/finding-your-center

Public repository for paper "Finding Your (3D) Center: 3D object detection using a learned loss"

Primary LanguagePythonMIT LicenseMIT

Finding Your (3D) Center: 3D object detection using a learned loss

Repository for the paper Finding Your (3D) Center: 3D object detection using a learned loss. We provide an implementation for the single class approach reported in the paper for simplicity and clarity. We choose to do this as it offers better focus on our primary contribution, a new approach to model training. A multi-class pipeline will be provided in a separate repository which will also contain multiple improvements. In general this repository can be adapted with the addition of only a few extra files which can be supplied if required.

Network overview

Requirements

The repository is built and tested with the following setup:

python == 3.6.8
cuda == 10.0

In addition there are a number python dependencies which can be installed through the requirements.txt. The most straight forward way to install these is through a virutal environment:

virtualenv -p /usr/bin/python3 env
source env/bin/activate
pip install -r requirements.txt

Custom Ops

The PointNet++ backbone requires the compilation of 3 custom ops. A shell script for compiling these ops is located at tf_ops/compile_ops.sh. Ensure CUDA_ROOT and EIGEN_LIB point to your local installations.
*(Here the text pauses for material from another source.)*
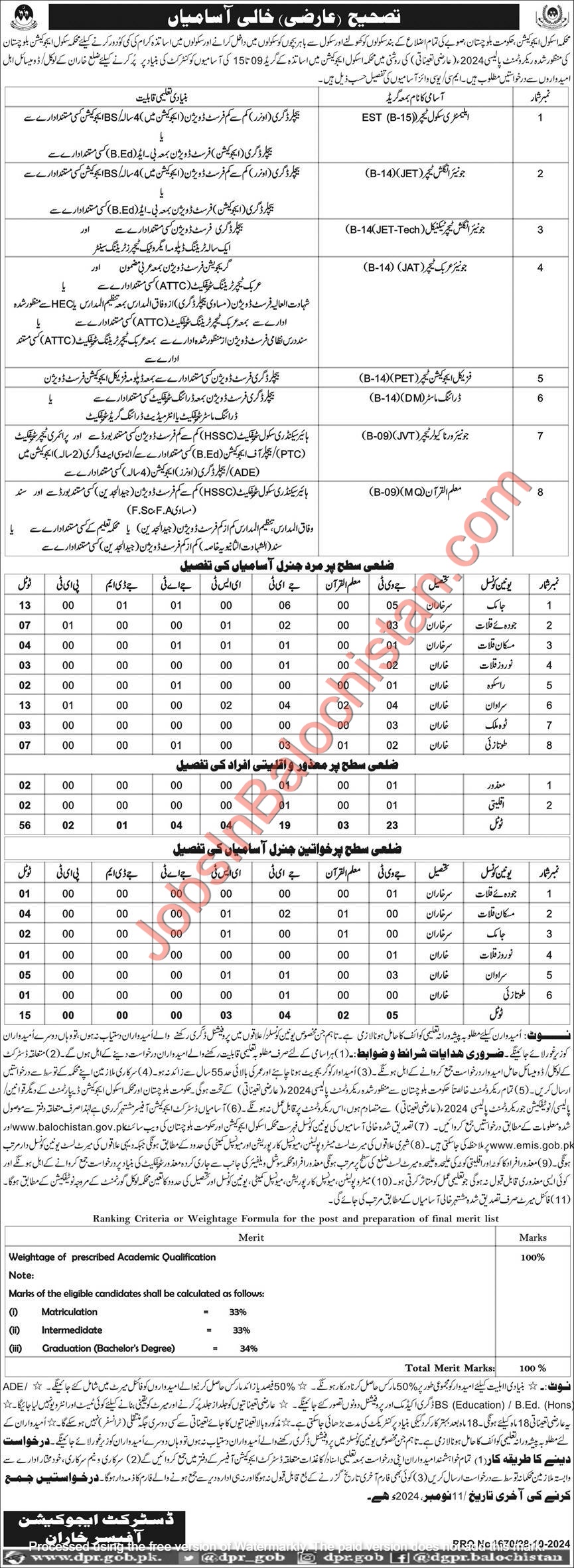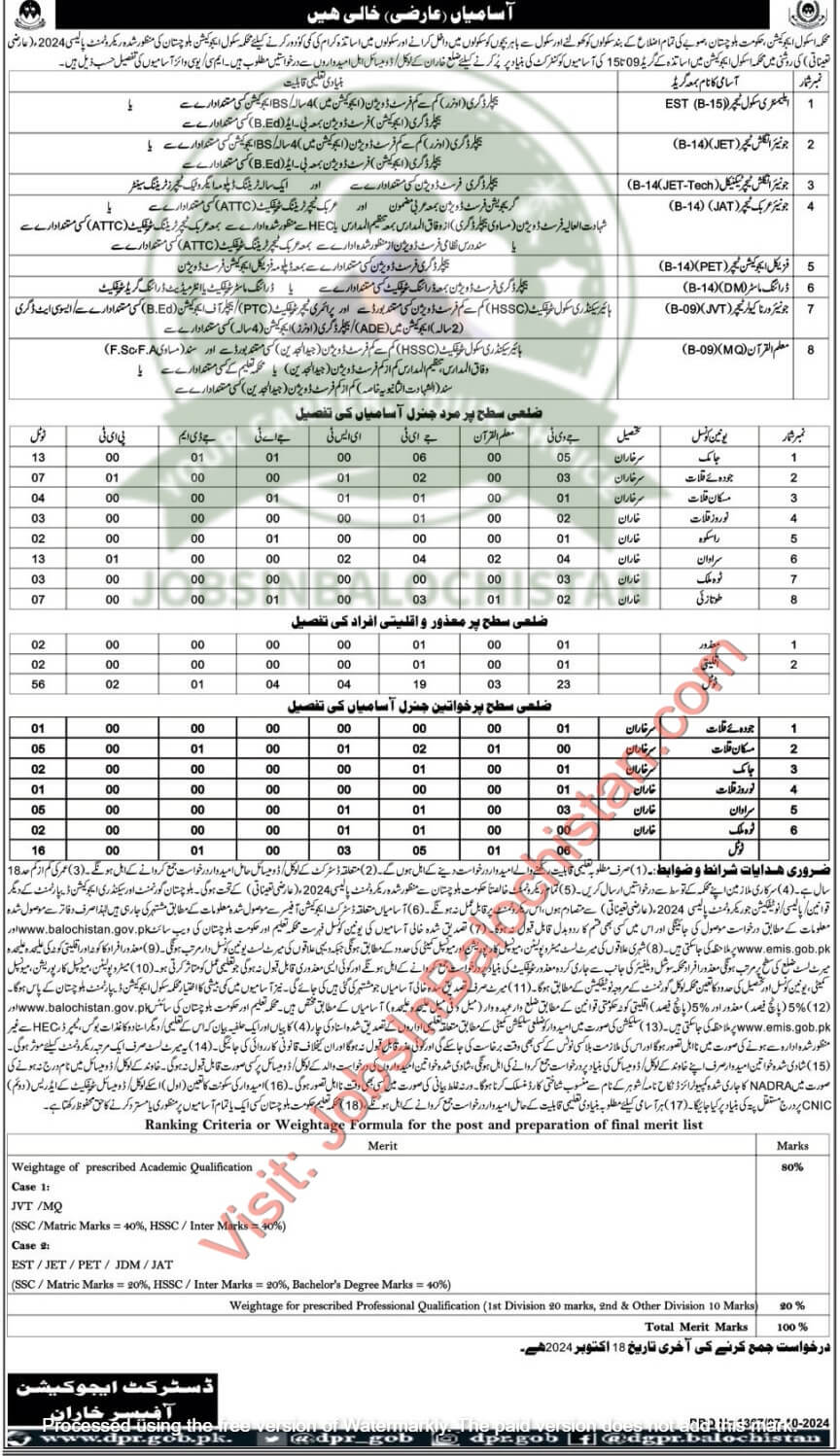 Submit applications along with all required documents to the District Education Officer, Kharan, by 17th October 2024.

The ops can then be comiled from the root directory by running:

chmod u+x ./tf_ops/compile_ops.sh
sh ./tf_ops/compile_ops.sh

Dataset generation

We provide preprocessing code for both the Stanford 3D-S dataset and ScanNet. First create a new folder in the root directory called data (./data).

Stanford 3D-S dataset

Download the S3DIS dataset and place the downloaded folder into ./data.

Loss network

The loss network training data consists of small patches with a random but known offset. The script for generating training data is found in datasets/s3dis/s3dis_patches.py. The training data generation can be customised using the config dictionary at the bottom of the file. We leave the deault values to those used in the paper. To change the percentage of training data used change the train_ratio variable, where 1. and .05 would be 100% and 5% of available training data respectively. n_crops_per_object and n_rotations_per_object are data augmentation settings. Setting these high will give more varied data samples from the available training data. n_negative_samples is the number of data samples with where the object is not present. We find best results are achieved when this is balanced with n_crops_per_object.
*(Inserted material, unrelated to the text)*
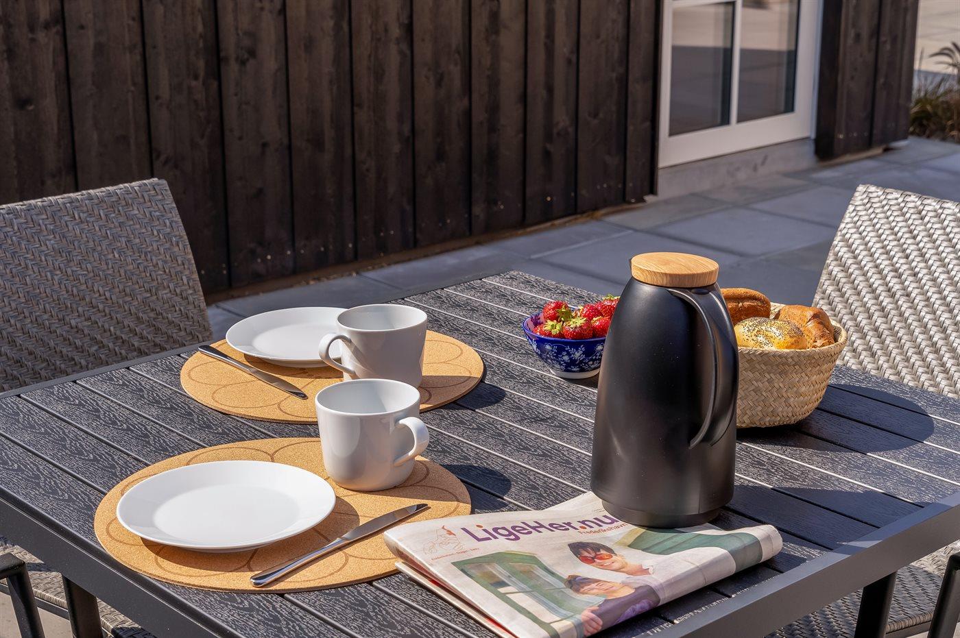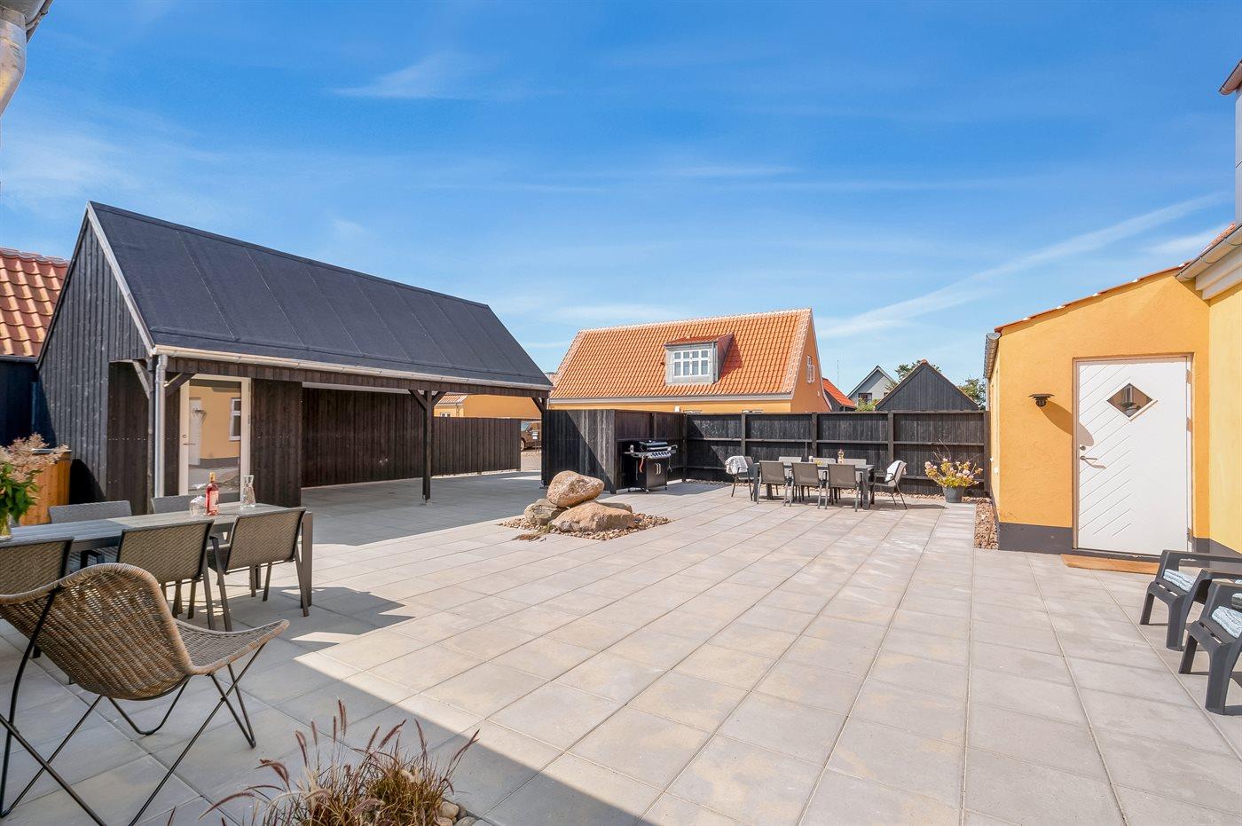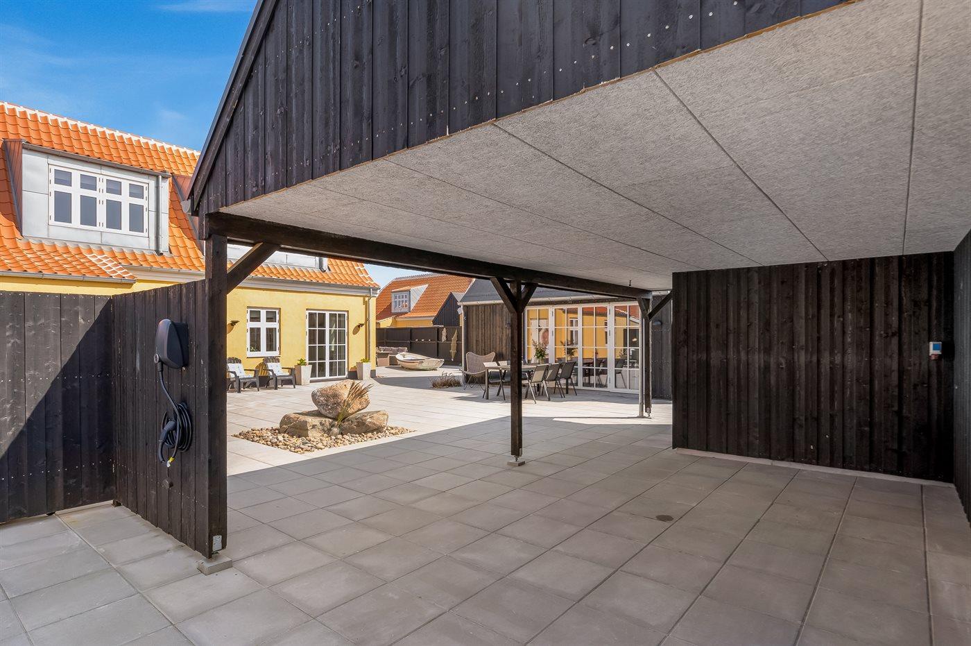 Udendørs er der både åbent terrasseareal og område med sofaarrangement, samt område med afslapning/wellness i udendørs sauna, varmtvandsbruser og standvandsspa til 8 personer. I redskabsrummet er der gode hynder til havemøblerne. Der er en flot gasgrill til rådighed. Der er god bred carport og plads til tre biler i alt. Der er er installeret stik til gratis opladning af elbil med 11 kW ladeeffekt.

Once the config is correctly configured, you can generate the loss network train .tfrecord files by running:

python datasets/s3dis/s3dis_patches.py

Scene network

The dataset must first be processed for scene level supervision. First ensure the config file is set correctly and run:

python datasets/s3dis/process_scenes.py

The config dictionary should be configured to point to the dataset root directory and the processed data directory. box_size and overlap are added together to get total scene size (i.e. box_size: (1.5, 1.5) and overlap: (1.5, 1.5) would result in a scene size (3., 3.). If rotate is set to True, 3 rotation augmentations will be performed at 90, 180, and 270 degrees. Finall ensure the config points to the correct folders and run:

python datasets/s3dis/s3dis_scenes.py

ScanNet

Download ScanNet and place in ./data.

See the Loss network section for Stanford 3D-S data for more details on configs. Once configured generate patches and scenes with:

python datasets/scannet/scannet_patches.py
python datasets/scannet/scannet_scenes.py

Training

Loss network

Before the scene network can be trained you must first train a loss network, which in turn is used to train the scene network. Before training you must configure the config dictionary at the bottom of the train file loss_network/train.py. train_dataset and test_dataset should point to the .tfrecord files created in dataset generation step. test_freq determines how many steps a test batch is run. log_freq sets the frequency that the metrics are logged to tensorboard.
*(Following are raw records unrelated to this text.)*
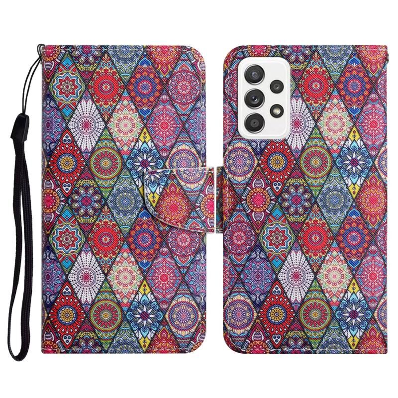 Θήκη δέρματος οριζόντιας αναδίπλωσης με σχέδιο ζωγραφικής για Samsung Galaxy A52 5G / 4G με βάση στήριξης & υποδοχή κάρτας & πορτοφόλι (Ρομβόσφαιρα Καλειδοσκόπιο)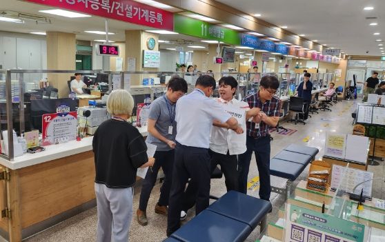 이번 모의훈련은 민원 처리 과정에서 발생하는 폭언·폭행 등 다양한 특이민원 상황에 대한 대처 능력을 향상하고, 민원 담당 공무원 보호 및 안전에 중점을 두고 진행했다.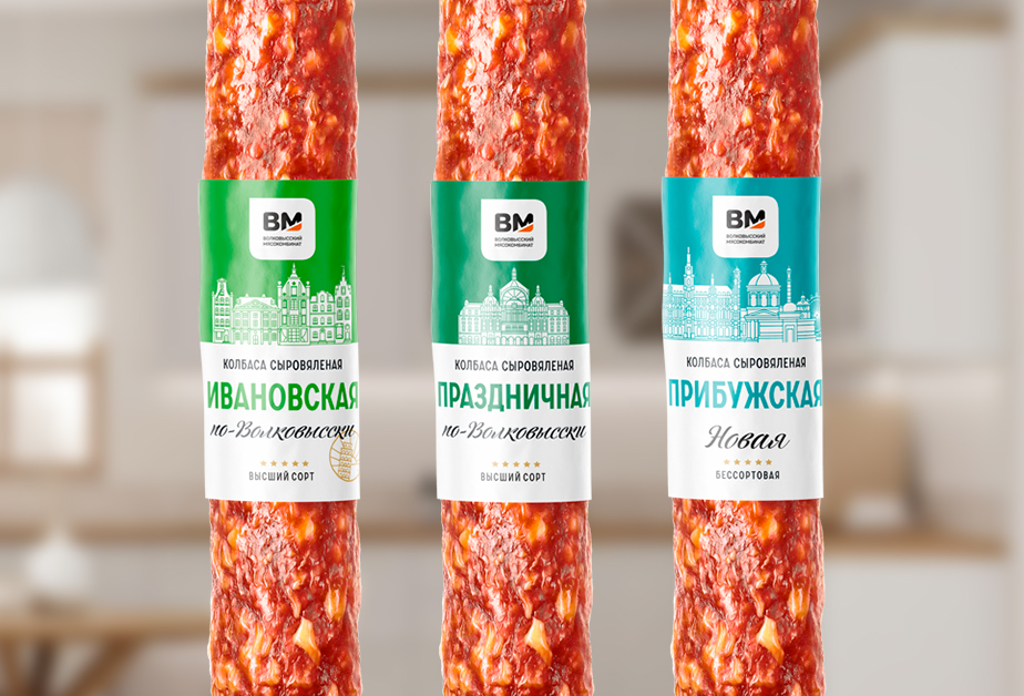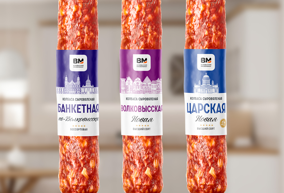 Разработать дизайн упаковки нескольких линеек колбасной продукции

Once configured, training can be initalised with:

python loss_network/train.py

Logs will be written to the log directory and can be visualised in tensorboard with:

tensorboard --logdir=/path/to/logs

The best model will be saved by deafult as: /path/to/logs/models/weight.ckpt. This is the model to use for training the scene network.

Note: The model overwrites itself each time the mean loss passes below the previous best. Training will run indefinitely until cancelled. Once the loss curves in the tensorboard have converged simply kill the training (i.e. ctrl + c).

Once training is complete you can evaluate the model performance on the entire test set by configuring and running:

python loss_network/evaluate.py

Scene network

To train the scene network point the config dictionary at the bottom of scene_network/train.py to the .tfrecord files generated above. loss_weights should also point to the trained loss network model. loss_points should match the number of points the loss network was trained with. To train the network using the learned loss set loss_network_inf: True and unsupervised: True. To train using the supervised chamfer loss function set unsupervised: False. If loss_network_inf is still True then the gradients will be updated from the supervised loss function, but the patches will still be passed through the loss network and metrics collected. This is useful for comparison. However, it is slower than using the supervised loss network by itself. Therefore, if to train supervised it is also advisable to set loss_network_inf: False. Once the config is configured correctly, start scene network training with:

python scene_network/train.py

As with the loss network, logs will be written to the log_dir and training can be visualised in tensorboard by running:

tensorboard --logdir=/path/to/logs

Note: Supervised losses are plotted for training using the learned loss function, however, it is important to remember these have different objective functions. As such, when training using the learned loss the supervised loss curves do not necessarily indicate model performance.

Evaluation

After successful training you can evaluate the performance of the model using the scene_network/inference.py script. The config dictionary can be used to point towards the trained scene network model. score_thresh is a hyperparameter which is used to determine the at which confidence the occupancy branch needs to be for to classify the prediction as a positive. Increasing this therefore improves precision at the cost of recall. For the results presented in the paper we use the default 0.9. iou_thresh is the minimum required IoU for a prediction and a ground truth box such that the prediction is classified as true positive. For example if iou_thresh=0.25 the ap score is mAP@0.25. The evaluation can be run by:

python scene_network/evaluation.py

The final results will be printed to the terminal. A .csv file will also be saved in the log_dir for the current model being evaluated with per sample results.

Inference

We also provide a full room inference script for S3DIS dataset to run the scene network over an entire room with no redundency. This is purely for visualisation purposes and do not necessarily reflect the results reported in the paper with respect to mAP@.25. In the paper we report results on individual samples of scene network training data. To run first configure the config dictionary at the bottom of scene_network/inference.py to point to the area and room you wish to run and the trained model. Then perform inference with:

python scene_network/inference.py